In Search of Metrics.


Persuading people to trade French fries and doughnuts for kale and quinoa is much easier said than done. Market researchers in the food industry have long known that people often say they will eat healthier or exercise more but never get around to it.

The New York Times reports that participation in workplace weight management programs is surprisingly low, especially given the incidence of obesity and the fact that the programs free to employees. Despite people's best intentions, it's hard for them to change long-established behaviors.

As a result, some companies are beginning to look at more innovative methods to improve worker health (and lower health care costs). I.B.M., for example, provides rebates on health insurance premiums for completing online programs in physical activity, nutrition and preventive care, along with online support groups and monitoring. At Safeway, employees can save up to $800 on their health care contributions.

Helen Darling, president of the National Business Group on Health, which represents large employers on health care matters, says that

A lot of us have piles in our homes and our offices that we’ll get to when we can, and changing how you eat is often a bit like that. I don’t think you could possibly overestimate how hard this stuff is.
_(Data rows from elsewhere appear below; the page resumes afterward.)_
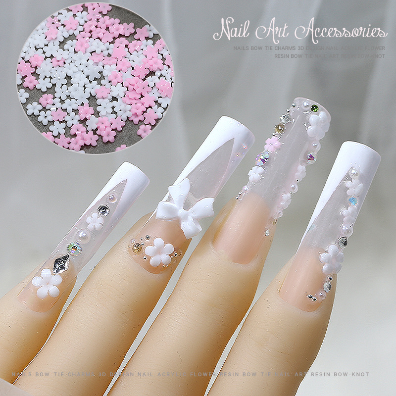 100 그물 붉은 5 꽃잎 꽃 네일 쥬얼리 화이트 핑크 미니 꽃 꽃 수지 diy 3 차원 네일 액세서리
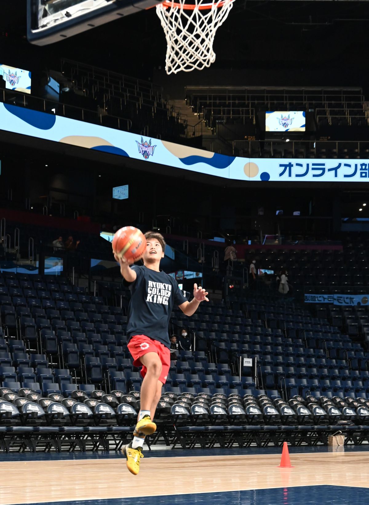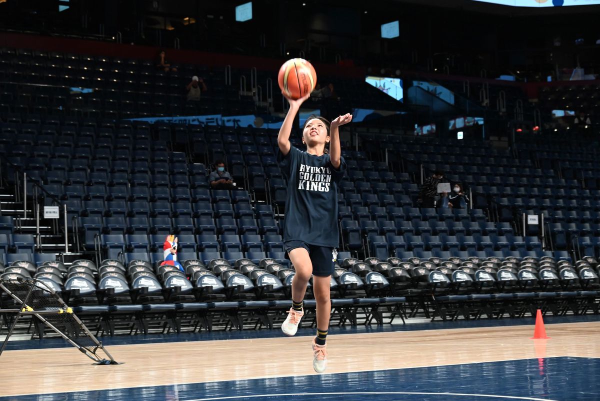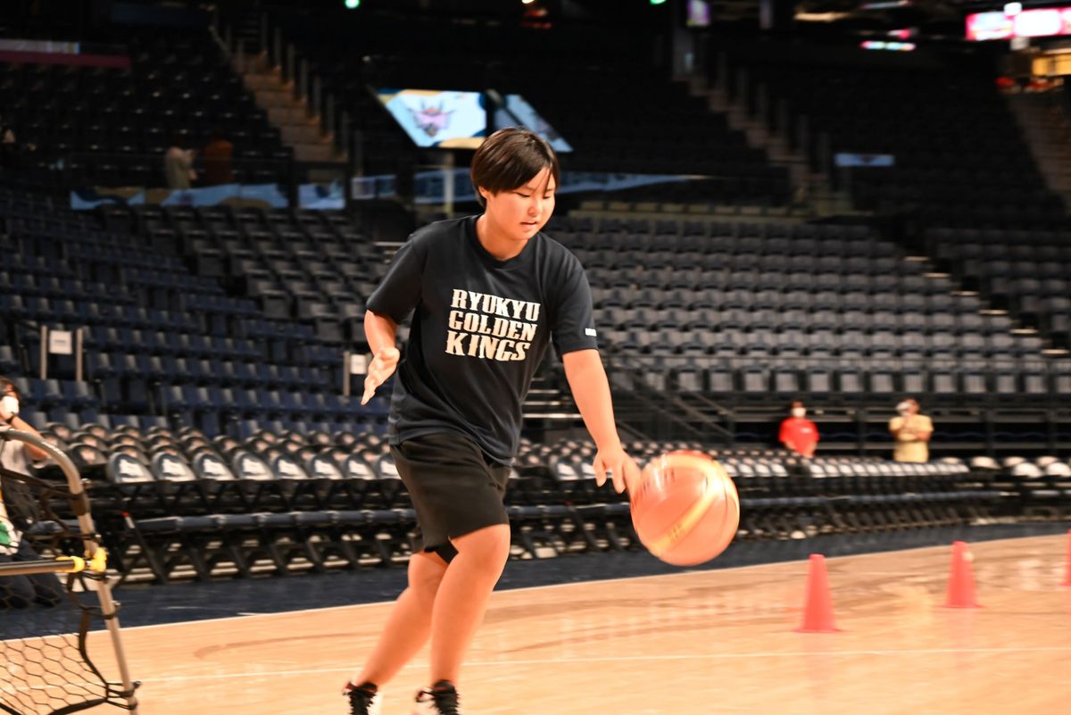 そうして迎えた今回、沖縄アリーナで行われる琉球ゴールデンキングスのホームゲーム(対富山グラウジーズ)の前に、渡嘉敷中の生徒9人が、オンラインバスケ部で学んだ技術を披露するため「スキルズチャレンジ」に臨んだ。学校の体育館とは異なるフロアの広さや高い天井、きらびやかな照明などにはじめのうちは圧倒されながらも、いざチャレンジが始まると、生徒たちは制限時間内にドリブルやパス、シュートなど決められた課題を次々とクリアしてゆき、練習の成果をみごとに発揮。何より、部活に励み、その成果を示す場があることの喜びを満面の笑顔が証明していた。
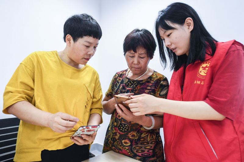 6月4日,在杭州市臨安區(qū)錦城街道勝利社區(qū),青年社工指導(dǎo)老人們用手機(jī)購(gòu)物 徐昱/攝
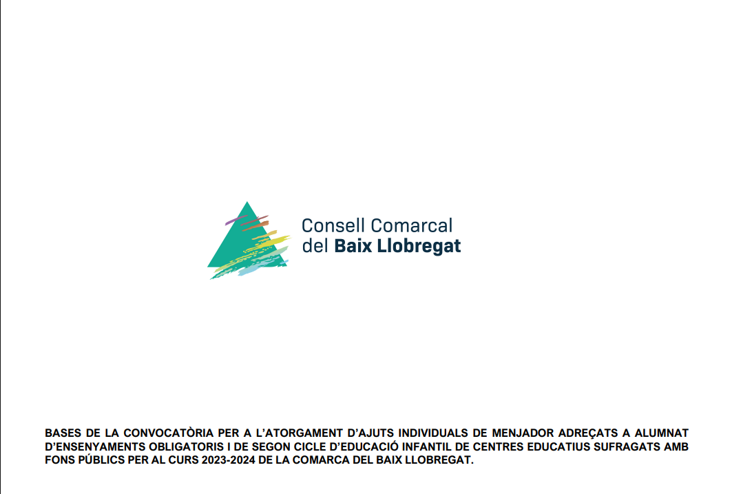 CONVOCATÒRIA AJUTS DE MENJADOR ESCOLAR BAIX LLOBREGAT 2023-2024
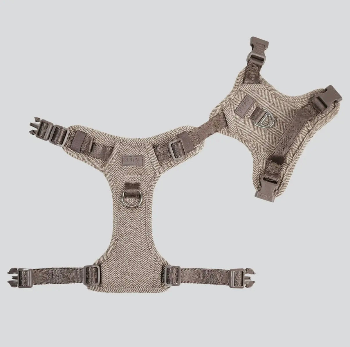 - Zwei D-Ringe für Front- oder Rücken-Leinenbefestigung

And that made me think: why is it so tough for people to apply 5S to the information they manage? Why is it so tough for them to change work habits (e.g., not checking email all the time, using the calendar as a kanban to drive their activity, etc.) to improve the flow of the value streams in which they work? And it hit me: there's no support for these changes. In fact, the organizational inertia to keep doing things the same way fights against any effort to change.
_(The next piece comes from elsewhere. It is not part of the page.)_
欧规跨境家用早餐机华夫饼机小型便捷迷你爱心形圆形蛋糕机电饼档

So how can you create supports for these changes? Extrinsic incentives -- financial or otherwise -- are not a terribly good idea, as Mark Graban, John Hunter, and others (including me) have pointed out numerous times. The willingness to look for problems and the desire for kaizen has to be intrinsic.

Perhaps the answer is measurement. Maybe the key to this kind of improvement is in finding clearly understood metrics that can make the waste visible. But what are those measurements? I have some ideas that I'll share later, but I'd like to hear your thoughts. Please let me know what metrics you'd use to sustain lean in the office.